24th Uhlan Regiment of Crown Hetman Stanislaw Zolkiewski (Polish: 24 Pulk Ulanów im. Hetmana Wielkiego Koronnego Stanislawa Zolkiewskiego, 24 p.ul.) was a cavalry unit of the Polish Army in the Second Polish Republic. Formed in June 1920, it fought both in the Polish–Soviet War and the 1939 Invasion of Poland. The regiment was garrisoned in the town of Kraśnik, and belonged to the elite 10th Motorized Cavalry Brigade.

The history of the regiment dates back to June 1920, when it was formed in Lwów and Stanisławów. The unit was based on the 214th Volunteer Army Uhlan Regiment, and soon after forming, it was sent to fight against the Red Army in the area of Zamość, Volhynia and then Central Lithuania.

During the interbellum period the regiment was garrisoned in Kraśnik. As part of the 10th Motorized Cavalry Brigade, in late autumn of 1938 it entered the areas that had belonged to Czechoslovakia (see Zaolzie, Independent Operational Group Silesia). On November 27, 1938, the regiment clashed with Czechoslovak forces near the town of Ždiar, Slovakia.

During the Invasion of Poland, the regiment fought in the Battle of Jordanów, the Battle of Wysoka, and several other locations, including Łańcut, Rzeszów and Radymno. On September 19, 1939, it crossed the Hungarian border, escaping German or Soviet captivity. In recognition of the bravery of its soldiers, the unit was awarded the Virtuti Militari.

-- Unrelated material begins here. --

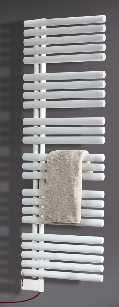 für reinen Elektrobetrieb mit WiFi Smart Heizstab mit Raumtemperaturregelung zur Raumbeheizung und für die Erwärmung von Handtüchern und Textilien, gerade, horizontale, elipsenförmige Rohre 50 x 25 mm im Spezialschweißverfahren mit den vertikalen Rundrohren 30 mm wasserführend verbunden, mit Wärmeträgerflüssigkeit gefüllt (Frostschutz -6 °C), angeordnete Horizontalrohre mit vielen Aufnahmeöffnungen für das seitliche Einhängen von Handtüchern und Textilien, Heizstab serienmäßig unten rechts montiert, nicht genutzte Anschlüsse mit Blindstopfen DN 15 (1/2") mit Innensechskant wasserdicht verschlossen, Oberfläche pulverbeschichtet DIN 55900 und bei ca. 180 °C eingebrannt, Serienmäßiges Zubehör: 4 Befestigungen mit Schrauben und Dübeln, Heizstab in Verbindung mit IRSAP NOW-App ausgestattet mit WiFi Smart-Home-Funktionen, Empfänger und Schalteinheit im Gehäuse, mit Tauchkörper aus Edelstahl mit DN 15 (1/2“) Anschlussgewinde mit O-Ring, Schaltgehäuse mit LED-Temperaturanzeige und ca. 0,8 m rotem Anschlusskabel und Schutzkontaktstecker, Netzspannung 230 V/50 Hz, Klasse II, IP44, Gehäuse aus Kunststoff im Farbton des Heizkörpers lackiert, Maße 140 x 72 x 40 mm
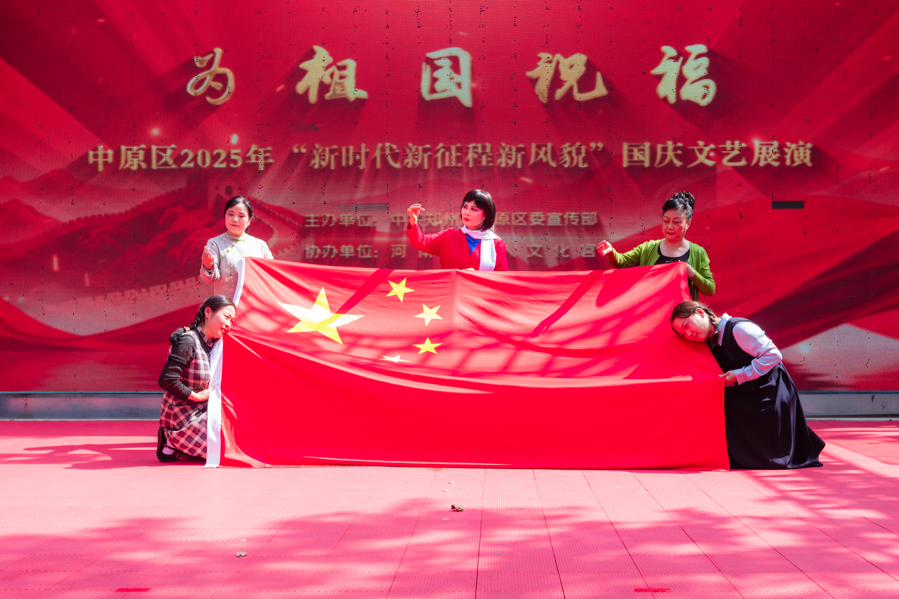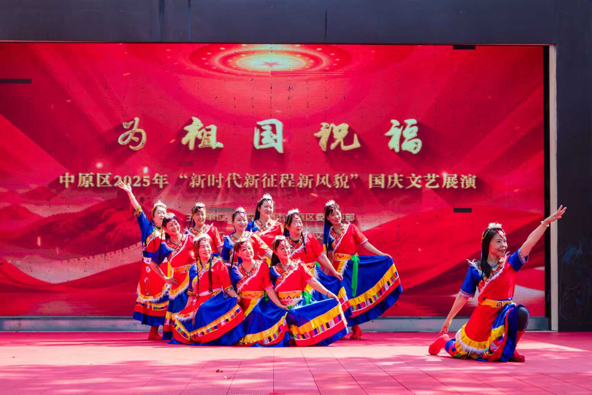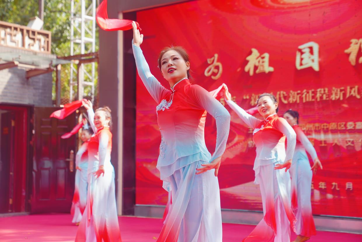9月29日上午,五一公园内旌旗飘扬、欢声笑语。由中原区委宣传部主办的“为祖国祝福”——“新时代 新征程 新风貌”2025中原区国庆文艺活动举行,广大群众以文艺展演的形式歌颂祖国、共庆佳节。

In 1940, the Kraśnik Uhlans were re-created in France, and then in England. In 1943, the regiment became an armoured unit, fighting in Western Europe as part of the 10th Armoured Cavalry Brigade.

Commandants 
 Colonel Tadeusz Zolkiewski (1920), 
 Major Jan Kanty Olszewski (1921), 
 Colonel Rudolf Lang (1921–1929), 
 Colonel Kazimierz Halicki (1929–1932), 
 Colonel Kazimierz Dworak (1932–1940), 
 Colonel Jerzy Deskur (1940–1942), 
 Colonel Bogumil Szumski (1942–1943), 
 Major Jan Kanski (1943–1944), 
 Colonel Romuald Dowbor (1944–1947), 
 Major Tadeusz Wysocki (1947).

Symbols 
Regimental flag, funded by former soldiers of the 214th Volunteer Army Uhlan Regiment, was handed to the unit by Józef Piłsudski, in Warsaw on April 30, 1923. It featured the sign "214 PU A.O." and the inscription "Honour and Fatherland" on one side, and the number 24 together with the White Eagle on the other side. In the autumn of 1939, the flag was taken to France, and then to Great Britain. On November 11, 1966 in London, the flag was awarded Silver Cross of the Virtuti Militari, by General Władysław Anders.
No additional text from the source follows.